**ACTIVITY**
Because the pictures are not wanted, reproduce the rest of the records below exactly as they stand.

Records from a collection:

┌────────

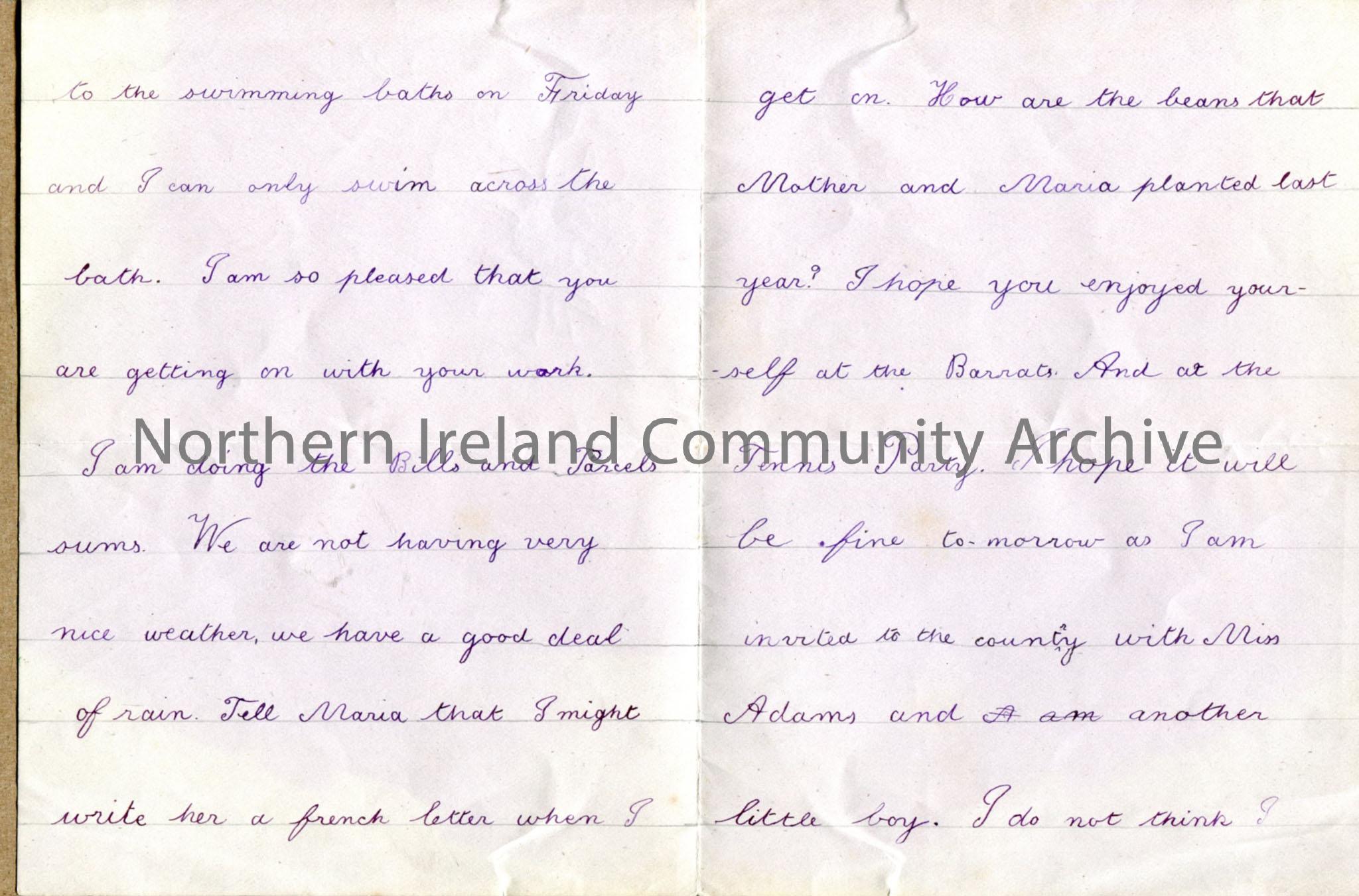 Letter from Erland to Bertie, wishing him happy birthday. Small hand drawn and coloured flower top left. Erland is in France and can swim across swimm… – img116b
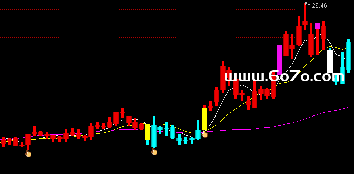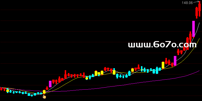 当满足条件买线上穿卖线ORCROSS(卖线,买线)时,在开盘价和收盘价位置之间画柱状线,宽度为3,0不为0则画空心柱.,COLOR00FFFF
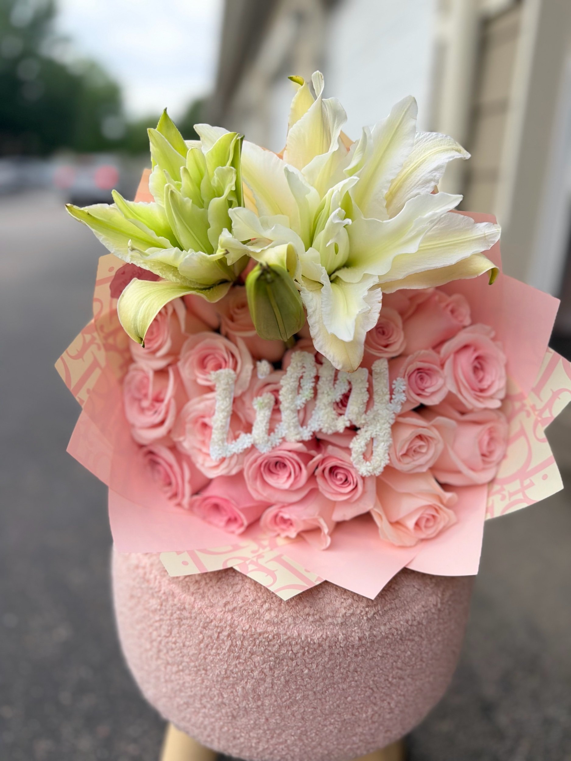 Rose bouquet with Lillies. (Letters can be added for an additional fee)
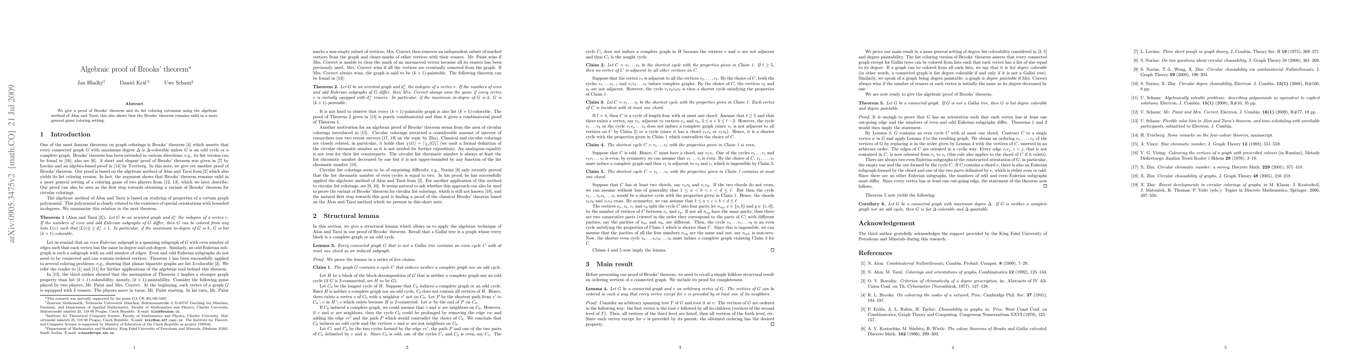 Summary: This paper provides an algebraic proof of Brooks' theorem and its list coloring extension, demonstrating the theorem's validity within a broader game coloring framework using the Alon-Tarsi method.
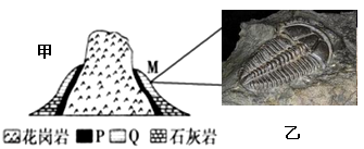 【小题2】若在图甲中M处发现了图乙中的岩石,则Q岩石为( )
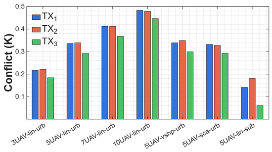 In a linear formation and urban terrain, the conflict value is approximately 0.2 for three UAVs, while for ten UAVs, it reaches a maximum of ~0.47. This indicates that increasing the number of sensors in a fixed-geometry system leads to greater discrepancies in the evidence masses, i.e., increased information conflict between sensors. For scenarios with five UAVs, the impact of deployment and flight geometry on the conflict value is noticeable: the V-shaped and scattered formations exhibit moderate conflict levels (~0.35), suggesting that diverse observation angles and greater spatial coverage in nonlinear systems (V-shape, scattered) may partially compensate for the mutual measurement inconsistencies and reduce conflict. Comparison of the urban and suburban scenarios for five UAVs reveals a significant decrease in conflict in the suburban environment—in the urban environment, K ≈ 0.35, and in the suburban environment, K < 0.2. This means that in a less noisy radio environment, sensors record more consistent data, thereby reducing conflict levels in the DST fusion process.
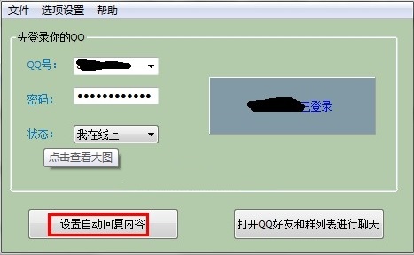 登陸QQ成功后,即可點(diǎn)擊“設(shè)置自動(dòng)回復(fù)內(nèi)容”進(jìn)行設(shè)置。
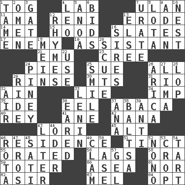 ACROSS 1. Coat; cloak 4. Experiment locale 7. Uhlan (variant) 11. Wet nurse (var.) 12. Painter Guido (1575-1642) 13. Wear away 14. Was introduced to 15. Parka part 16. Chalkboards 17. Foe 19. Helper 21. Australian flightless bird 23. Algonquian 24. Sliced desserts 25. Institute legal proceedings 26. 100% 29. Remove soap 30. Mountains (abbr.) 31. River (Sp.) 32. The 18th letter of the Arabic alphabet 33. Falsehood 34. Mischievous child 35. Binary compound 36. Snakelike fish 37. Phillipine bananalike plant 40. Marina Del _, California 41. A saturated hydrocarbon 42. Grandmother 43. Australian parrot (variant) 45. The first octave above the treble staff 46. Dwelling 51. A color or tint 55. Declaimed 56. Fails to keep up a pace 58. Mouth or opening 59. Carrier 60. At sea 61. And not 62. SW Saudi Arabia district 63. Cartoonist voice _ Blanc 64. Elect DOWN 1. Docile 2. Presage 3. Yard entry 4. Lion 5. Small Philippine buffalo 6. Auction offers 7. A salt of uric acid 8. Globular water bottle used in Asia 9. An important port of Yemen 10. Egg locale 12. Poems 13. Otherwise 16. Titles for men of rank and authority 18. Count _ (2 wds.) 20. Snake scale 22. Purpose 24. Abounding in pines 25. Grin 26. N. Chile seaport 27. Pale green bean 28. Chop off 29. Travel on or in a vehicle 32. Atmosphere 33. Soviet premier 1918-24 36. Having ears or earlike features 37. Santa ___, CA 38. Greek mezzo-soprano Agnes 39. Opposed to 43. 61 cubic inches 44. River in Europe 46. Roll call or roster of names 47. Greek god of love 48. Suttee (variant) 49. Dollar (slang) 50. Relaxation 52. Words to Nanette 53. Riding implement 54. Small pie 57. Set
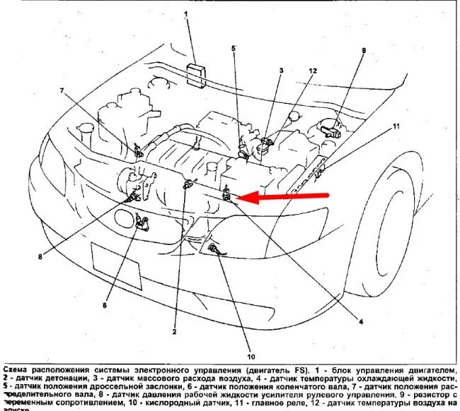 Где находится датчик температуры двигателя в Мазда МПВ?

└────────

**WRITTEN RESPONSE**
 Letter from Erland to Bertie, wishing him happy birthday. Small hand drawn and coloured flower top left. Erland is in France and can swim across swimm… – img116b
 当满足条件买线上穿卖线ORCROSS(卖线,买线)时,在开盘价和收盘价位置之间画柱状线,宽度为3,0不为0则画空心柱.,COLOR00FFFF
 Rose bouquet with Lillies. (Letters can be added for an additional fee)
 Summary: This paper provides an algebraic proof of Brooks' theorem and its list coloring extension, demonstrating the theorem's validity within a broader game coloring framework using the Alon-Tarsi method.
 【小题2】若在图甲中M处发现了图乙中的岩石,则Q岩石为( )
 In a linear formation and urban terrain, the conflict value is approximately 0.2 for three UAVs, while for ten UAVs, it reaches a maximum of ~0.47. This indicates that increasing the number of sensors in a fixed-geometry system leads to greater discrepancies in the evidence masses, i.e., increased information conflict between sensors. For scenarios with five UAVs, the impact of deployment and flight geometry on the conflict value is noticeable: the V-shaped and scattered formations exhibit moderate conflict levels (~0.35), suggesting that diverse observation angles and greater spatial coverage in nonlinear systems (V-shape, scattered) may partially compensate for the mutual measurement inconsistencies and reduce conflict. Comparison of the urban and suburban scenarios for five UAVs reveals a significant decrease in conflict in the suburban environment—in the urban environment, K ≈ 0.35, and in the suburban environment, K < 0.2. This means that in a less noisy radio environment, sensors record more consistent data, thereby reducing conflict levels in the DST fusion process.
 登陸QQ成功后,即可點(diǎn)擊“設(shè)置自動(dòng)回復(fù)內(nèi)容”進(jìn)行設(shè)置。
 ACROSS 1. Coat; cloak 4. Experiment locale 7. Uhlan (variant) 11. Wet nurse (var.) 12. Painter Guido (1575-1642) 13. Wear away 14. Was introduced to 15. Parka part 16. Chalkboards 17. Foe 19. Helper 21. Australian flightless bird 23. Algonquian 24. Sliced desserts 25. Institute legal proceedings 26. 100% 29. Remove soap 30. Mountains (abbr.) 31. River (Sp.) 32. The 18th letter of the Arabic alphabet 33. Falsehood 34. Mischievous child 35. Binary compound 36. Snakelike fish 37. Phillipine bananalike plant 40. Marina Del _, California 41. A saturated hydrocarbon 42. Grandmother 43. Australian parrot (variant) 45. The first octave above the treble staff 46. Dwelling 51. A color or tint 55. Declaimed 56. Fails to keep up a pace 58. Mouth or opening 59. Carrier 60. At sea 61. And not 62. SW Saudi Arabia district 63. Cartoonist voice _ Blanc 64. Elect DOWN 1. Docile 2. Presage 3. Yard entry 4. Lion 5. Small Philippine buffalo 6. Auction offers 7. A salt of uric acid 8. Globular water bottle used in Asia 9. An important port of Yemen 10. Egg locale 12. Poems 13. Otherwise 16. Titles for men of rank and authority 18. Count _ (2 wds.) 20. Snake scale 22. Purpose 24. Abounding in pines 25. Grin 26. N. Chile seaport 27. Pale green bean 28. Chop off 29. Travel on or in a vehicle 32. Atmosphere 33. Soviet premier 1918-24 36. Having ears or earlike features 37. Santa ___, CA 38. Greek mezzo-soprano Agnes 39. Opposed to 43. 61 cubic inches 44. River in Europe 46. Roll call or roster of names 47. Greek god of love 48. Suttee (variant) 49. Dollar (slang) 50. Relaxation 52. Words to Nanette 53. Riding implement 54. Small pie 57. Set
 Где находится датчик температуры двигателя в Мазда МПВ?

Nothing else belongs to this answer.